### Recorded information:
○ ○ ○

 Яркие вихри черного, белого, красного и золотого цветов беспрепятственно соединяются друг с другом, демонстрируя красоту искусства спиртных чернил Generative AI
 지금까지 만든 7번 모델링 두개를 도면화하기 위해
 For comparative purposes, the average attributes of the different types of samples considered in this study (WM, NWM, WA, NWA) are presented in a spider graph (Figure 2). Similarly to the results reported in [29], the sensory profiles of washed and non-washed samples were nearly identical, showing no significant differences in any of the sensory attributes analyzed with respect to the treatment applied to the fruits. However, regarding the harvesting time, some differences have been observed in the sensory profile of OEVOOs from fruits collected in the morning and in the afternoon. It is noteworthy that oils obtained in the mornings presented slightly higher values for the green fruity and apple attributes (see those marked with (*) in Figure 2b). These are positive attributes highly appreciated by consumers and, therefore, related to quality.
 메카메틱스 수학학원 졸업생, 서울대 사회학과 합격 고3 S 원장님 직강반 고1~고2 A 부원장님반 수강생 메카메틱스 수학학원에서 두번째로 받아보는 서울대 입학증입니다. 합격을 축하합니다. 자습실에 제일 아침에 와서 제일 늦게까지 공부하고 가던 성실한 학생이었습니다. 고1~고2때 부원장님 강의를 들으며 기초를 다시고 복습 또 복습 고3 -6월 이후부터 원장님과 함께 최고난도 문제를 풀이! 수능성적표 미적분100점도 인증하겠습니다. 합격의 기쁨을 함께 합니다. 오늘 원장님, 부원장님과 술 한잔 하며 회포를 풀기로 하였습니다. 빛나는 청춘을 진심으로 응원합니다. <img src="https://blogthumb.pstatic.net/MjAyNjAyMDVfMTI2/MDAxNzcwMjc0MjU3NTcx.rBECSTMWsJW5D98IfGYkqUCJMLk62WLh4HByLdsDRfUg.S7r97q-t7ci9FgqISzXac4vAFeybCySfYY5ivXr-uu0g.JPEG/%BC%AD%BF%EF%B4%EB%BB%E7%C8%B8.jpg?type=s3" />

○ ○ ○

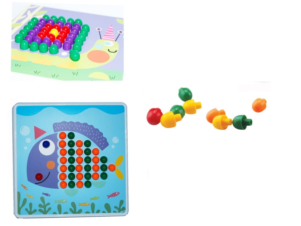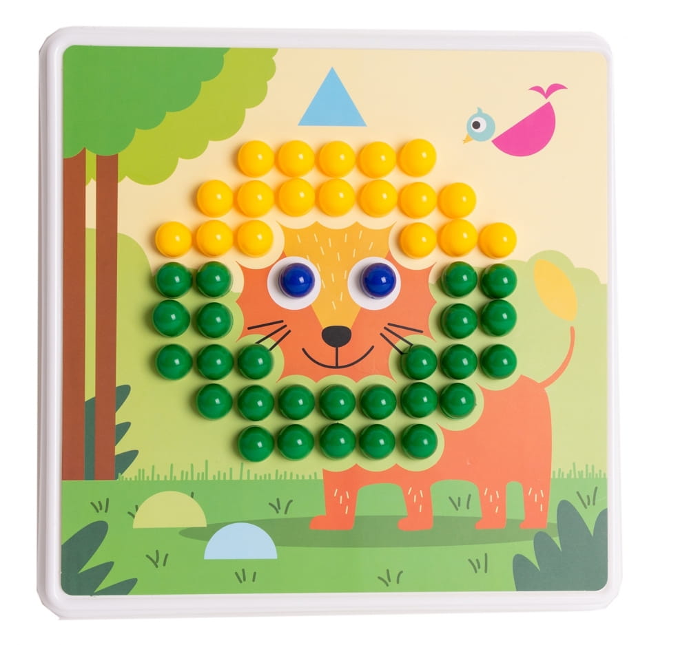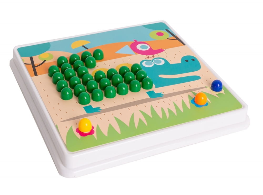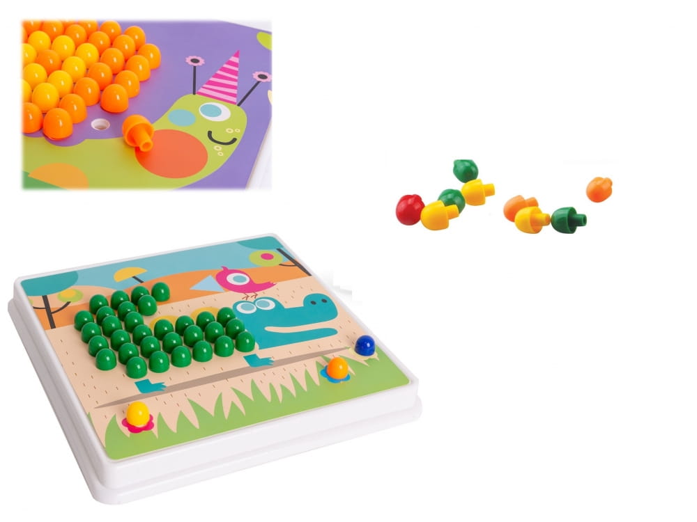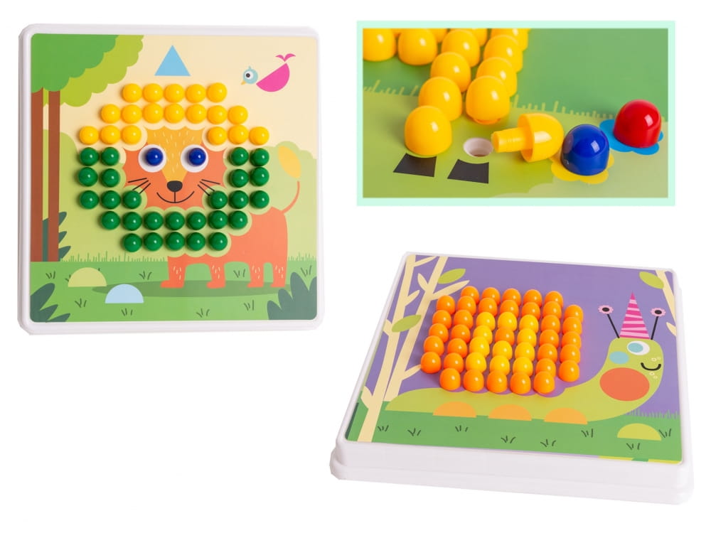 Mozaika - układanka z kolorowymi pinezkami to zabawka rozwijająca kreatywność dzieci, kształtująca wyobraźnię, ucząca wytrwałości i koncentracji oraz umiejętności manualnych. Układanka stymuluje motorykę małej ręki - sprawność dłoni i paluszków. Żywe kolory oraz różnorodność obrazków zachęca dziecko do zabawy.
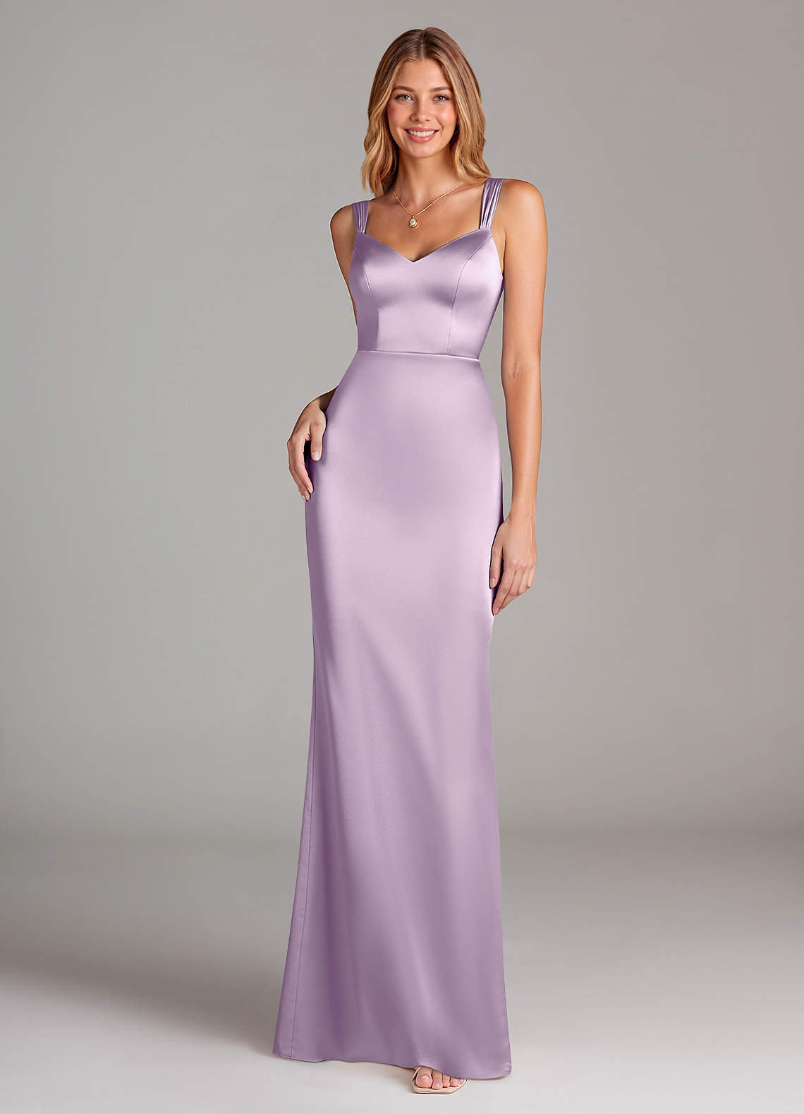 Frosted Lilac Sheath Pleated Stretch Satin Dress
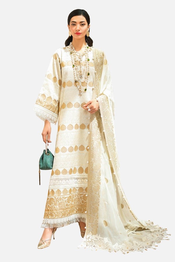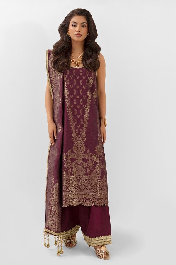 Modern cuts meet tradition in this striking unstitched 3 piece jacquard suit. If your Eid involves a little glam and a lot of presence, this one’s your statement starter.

○ ○ ○

### What the exercise asks:
From the records above, copy only the lines running from the line containing "Mozaika - układanka" to the line containing "Modern cuts meet", both ends included. Leave the pictures out.

### Solved exercise:
 Mozaika - układanka z kolorowymi pinezkami to zabawka rozwijająca kreatywność dzieci, kształtująca wyobraźnię, ucząca wytrwałości i koncentracji oraz umiejętności manualnych. Układanka stymuluje motorykę małej ręki - sprawność dłoni i paluszków. Żywe kolory oraz różnorodność obrazków zachęca dziecko do zabawy.
 Frosted Lilac Sheath Pleated Stretch Satin Dress
 Modern cuts meet tradition in this striking unstitched 3 piece jacquard suit. If your Eid involves a little glam and a lot of presence, this one’s your statement starter.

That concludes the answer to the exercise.